ASSIGNMENT: Only text lines belong in the answer: the lines from the first one in the records through the line with "Hakiki Deri Ortopedik", copied exactly.

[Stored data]
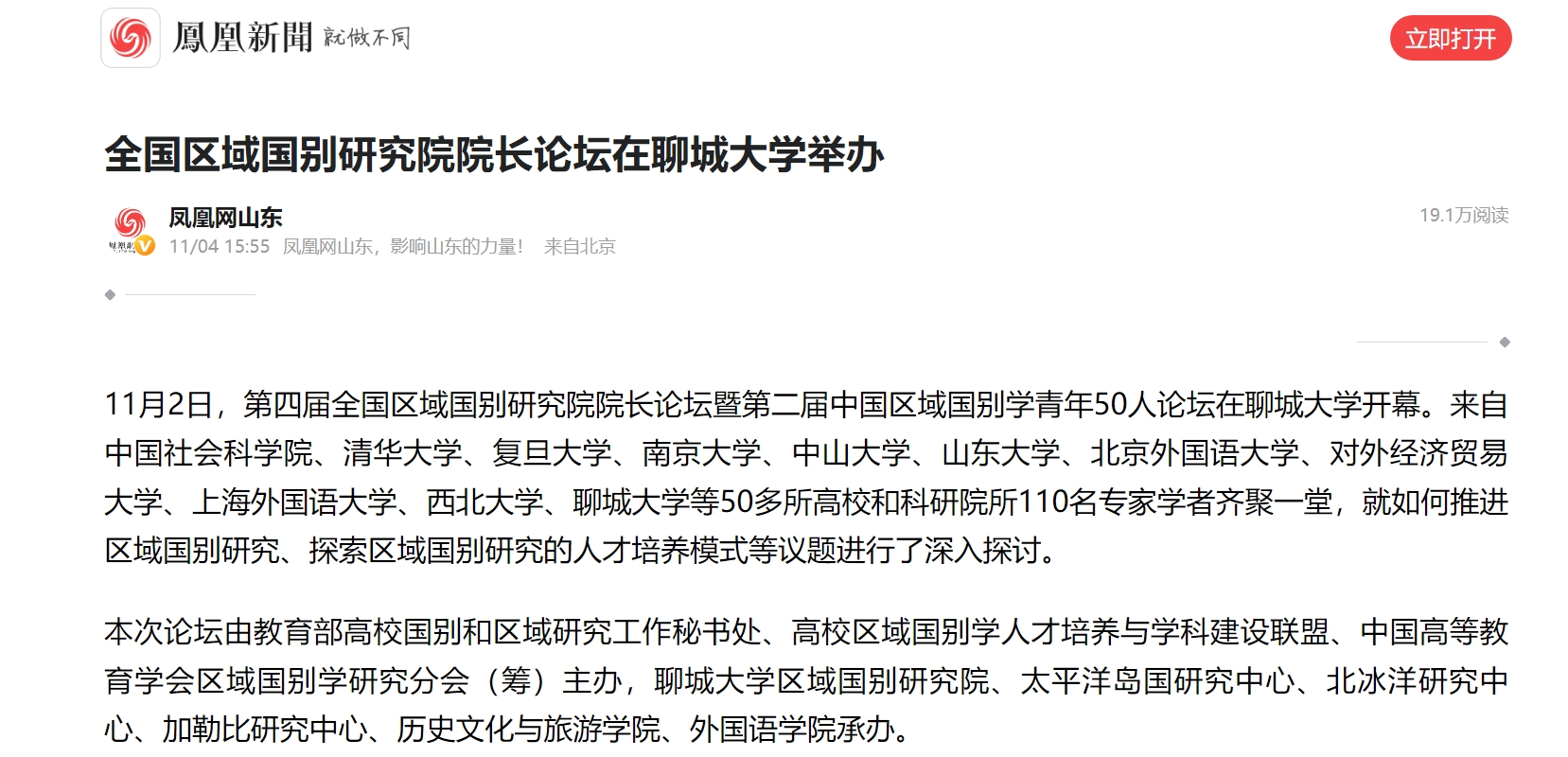 【鳳凰網】【大眾網? 海報新聞】報道:全國區域國別研究院院長論壇在聊城大學舉辦
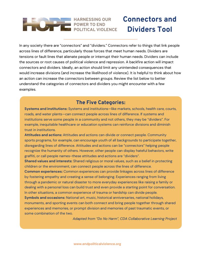 In any society there are “connectors” and “dividers.” Connectors refer to things that link people across lines of difference, particularly those forces that meet human needs. Dividers are tensions or fault lines that alienate people or interrupt their human needs. Dividers can include the sources or root causes of political violence and repression. A backfire action will impact connectors and dividers. Ideally, an action should limit any unintended consequences that would increase divisions (and increase the likelihood of violence). It is helpful to think about how an action can increase the connectors between groups.
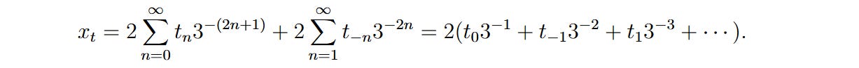 The authors employ a ternary Cantor set encoding. A tape state t={tn}n∈Z (where tn∈{0,1}) is mapped to a real number xt by interleaving the positive and negative halves of the tape into the ternary expansion. Specifically, the right side of the tape occupies odd digits and the left side occupies even digits:
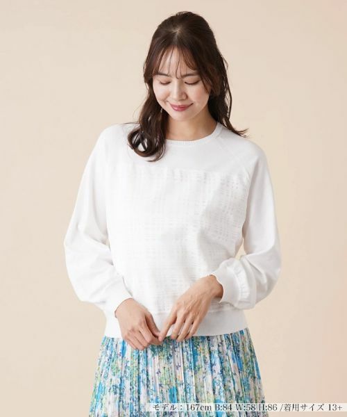 前身頃を透け感のあるレース生地で切り替えた、技ありデザインのニットプルオーバー。ネックラインをやや浅めに設定し、上品かつ落ち着いたニュアンスに。袖はラグランスリーブで肩肘張らないリラクシーな着心地を叶えました。パンツにもスカートにも気軽に合わせやすく、コーディネート力の高いトップスとなっています。
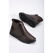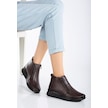 Hakiki Deri Ortopedik Kadın Bot Kahve 2 Fermuarlı Dolgu Tabanlı-3298 Kahve
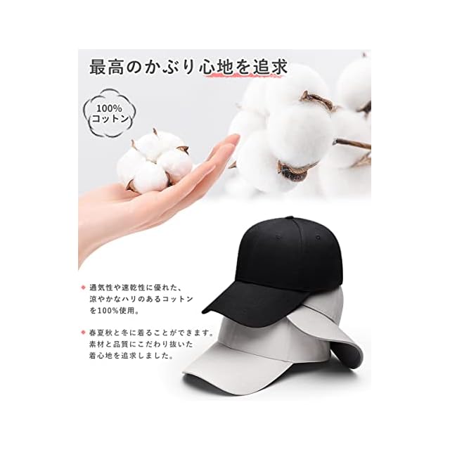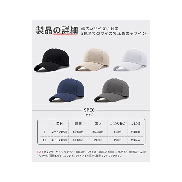【アジャスタブルな大きいサイズ】よく見るフリーサイズ(1サイズ)とは違い、Lサイズ(頭囲55~58㎝)、XLサイズ(頭囲58~62㎝)の2サイズ展開となっております。帽子は金属製のバックルで閉じられており、お好みのサイズに調整できます。また、大きいサイズの作りとなっているので深めに被ることもでき小顔効果も得られます。横幅が広く奥行が深い傾向にある日本人の頭囲を考慮したデザインのキャップメンズです。
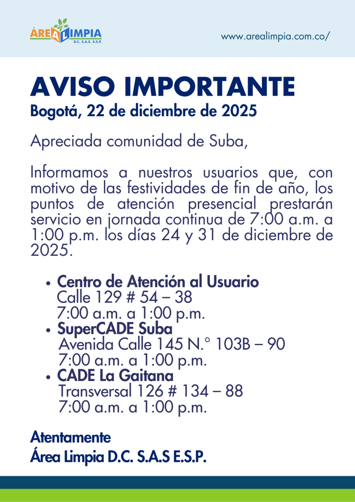 Cambios atención presencial 24 y 31 de diciembre 2025 Públicado en 23 diciembre, 202523 diciembre, 2025 por AreaLimpiaBogotaSuba
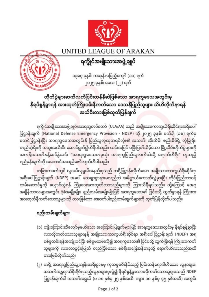 ရက္ခိုင်အမျိုးသားအဖွဲ့ချုပ်/အာရက္ခတပ်တော်(ULA/AA) မှာ အရေးပေါ်ကာလသတ်မှတ်ထားတယ်လို့ မေလ ၂၂ ရ က်၊ ဒီနေ့ထုတ်ပြန်ပါတယ်။
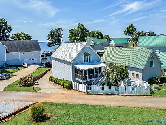 LAKE LIFE AWAITS! Wall of windows + 18’ ceilings pull Wheeler Lake/Tennessee River views into your living room. Wide-open plan with beautiful hardwoods, stainless appliances, loads of cabinets and large kitchen island-perfect for gathering.Owner’s suite boasts a spa bath with soaking tub, walk-in shower and newly built screened patio. 2BR/2BA. 2-car garage has a mini split for year-round use + small fenced yard for your pups! New roof 2024. HVAC 2018. Shared ownership of private boat ramp, pier & gazebo in cul de sac. Cart friendly area w/full-service marina & dining. No HOA!This is easy lake living with space to relax and entertain-ideal full-time, weekend or income property!
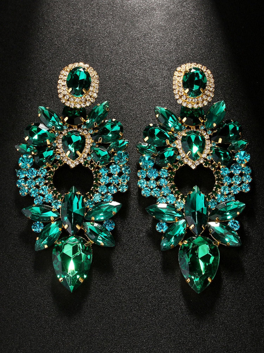 Boucles D'Oreilles Pendantes en Cristal Délicat de Haute Qualité Vert Émeraude
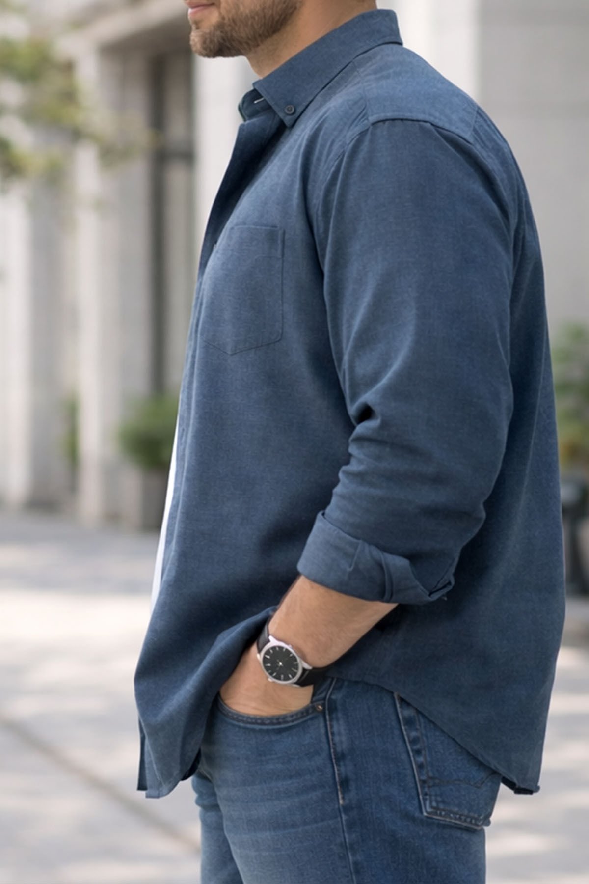- uzun kollu ve tek cepli
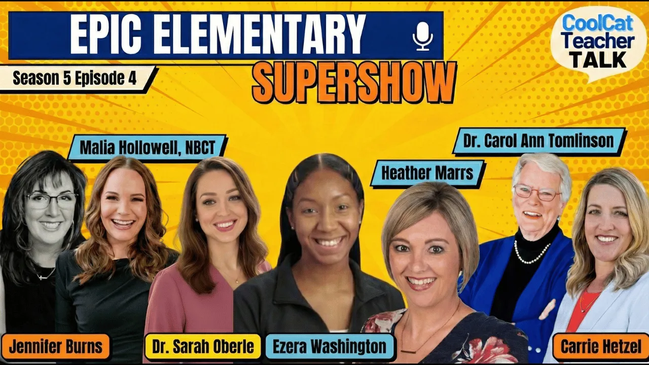 Disclosure of Material Connection: This is a “sponsored podcast episode.” The company who sponsored it compensated me via cash payment, gift, or something else of value to include a reference to their product. Regardless, I only recommend products or services I believe will be good for my readers and are from companies I can recommend. I am disclosing this in accordance with the Federal Trade Commission’s 16 CFR, Part 255: “Guides Concerning the Use of Endorsements and Testimonials in Advertising.”Seven outstanding elementary education experts join forces for the Epic Elementary Supershow! Featuring Jennifer Burns, Malia Hollowell (NBCT), Dr. Sarah Oberle, Ezera Washington, Heather Marrs, Dr. Carol Ann Tomlinson, and Carrie Hetzel sharing practical strategies for elementary classrooms.

WRITTEN RESPONSE:
 【鳳凰網】【大眾網? 海報新聞】報道:全國區域國別研究院院長論壇在聊城大學舉辦
 In any society there are “connectors” and “dividers.” Connectors refer to things that link people across lines of difference, particularly those forces that meet human needs. Dividers are tensions or fault lines that alienate people or interrupt their human needs. Dividers can include the sources or root causes of political violence and repression. A backfire action will impact connectors and dividers. Ideally, an action should limit any unintended consequences that would increase divisions (and increase the likelihood of violence). It is helpful to think about how an action can increase the connectors between groups.
 The authors employ a ternary Cantor set encoding. A tape state t={tn}n∈Z (where tn∈{0,1}) is mapped to a real number xt by interleaving the positive and negative halves of the tape into the ternary expansion. Specifically, the right side of the tape occupies odd digits and the left side occupies even digits:
 前身頃を透け感のあるレース生地で切り替えた、技ありデザインのニットプルオーバー。ネックラインをやや浅めに設定し、上品かつ落ち着いたニュアンスに。袖はラグランスリーブで肩肘張らないリラクシーな着心地を叶えました。パンツにもスカートにも気軽に合わせやすく、コーディネート力の高いトップスとなっています。
 Hakiki Deri Ortopedik Kadın Bot Kahve 2 Fermuarlı Dolgu Tabanlı-3298 Kahve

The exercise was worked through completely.